# What should i put in my 4ft?



## xXFlying (Jul 15, 2019)

So recently my beloved blackheaded python passed away and while it breaks my heart i think the best thing i can do now is move on and stay positive. I have this 4ft x 2ft x 2ft enclosure with a sandy substrate and the heat mat under it. I still have the decorations and heat light ect. What should i put in it next? At the moment im on a budget but in 2 weeks ill be moving to my new house and after that i can spend whatever i want. Any suggestions?

EDIT === Yes, before someone points it out i know that the decorations are all over the place and thats because im about to clean it out.


----------



## Ella C (Jul 16, 2019)

What are you interested in? Snakes or lizards or other?


----------



## xXFlying (Jul 16, 2019)

Ella C said:


> What are you interested in? Snakes or lizards or other?

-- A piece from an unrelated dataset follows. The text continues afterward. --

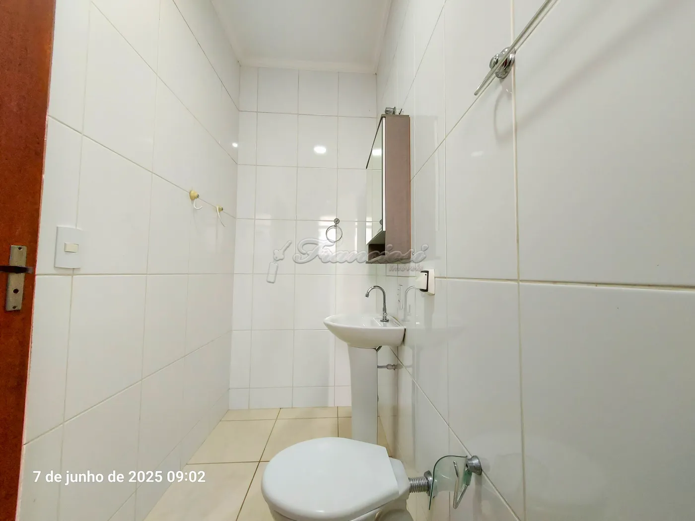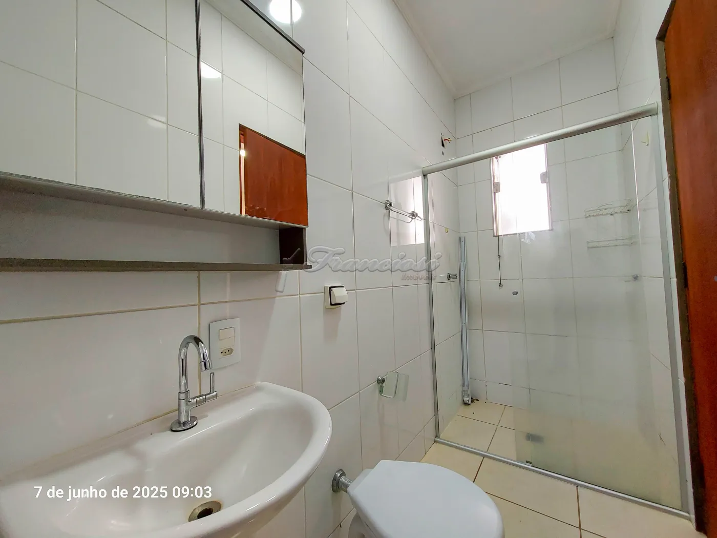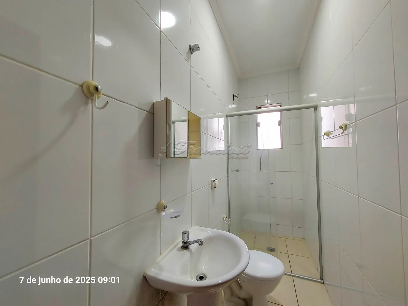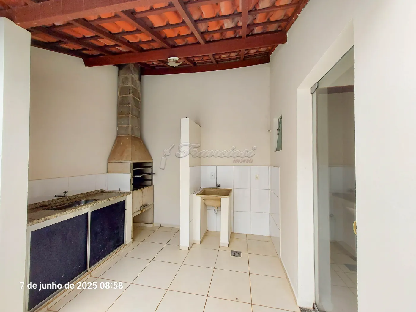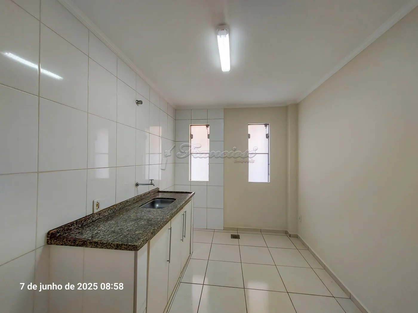 Acabamento: laje, piso frio, cozinha e banheiro azulejados até o teto.

I know this wont help much but im interested in everything aha. My only other current pet though is my bredli hatchling.


----------



## Ella C (Jul 17, 2019)

Well, Bearded dragons, Bluetongue skinks, Shingleback, red-barred dragon, geckoes etc.
Don't know a whole lot about pythons, sorry.


----------



## xXFlying (Jul 17, 2019)

Ella C said:


> Well, Bearded dragons, Bluetongue skinks, Shingleback, red-barred dragon, geckoes etc.
> Don't know a whole lot about pythons, sorry.


I do like shingleback. Would I be able to keep them in my enclosure and would you be able to point me in the direction of any care sheets or info of them in captivity?


----------



## Herpetology (Jul 17, 2019)

You can keep most if not all carpet pythons in a 4x2x2 with a branch screwed from one end to the other!

It really comes down to what you like and changing it to suit their needs, for example you can keep an ackie but you would need to provide enough sand for them to dig aswell as giving them enough area to move around (utilising “stairs” and bricks and branches etc)


----------



## xXFlying (Jul 17, 2019)

Herptology said:


> You can keep most if not all carpet pythons in a 4x2x2 with a branch screwed from one end to the other!
> 
> It really comes down to what you like and changing it to suit their needs, for example you can keep an ackie but you would need to provide enough sand for them to dig aswell as giving them enough area to move around (utilising “stairs” and bricks and branches etc)


Ackies always did cross my mind as my friend has a little ackie. The only thing is, with the mesh top of my enclosure, would I have to alter that in anyway? To keep humidity in or such


----------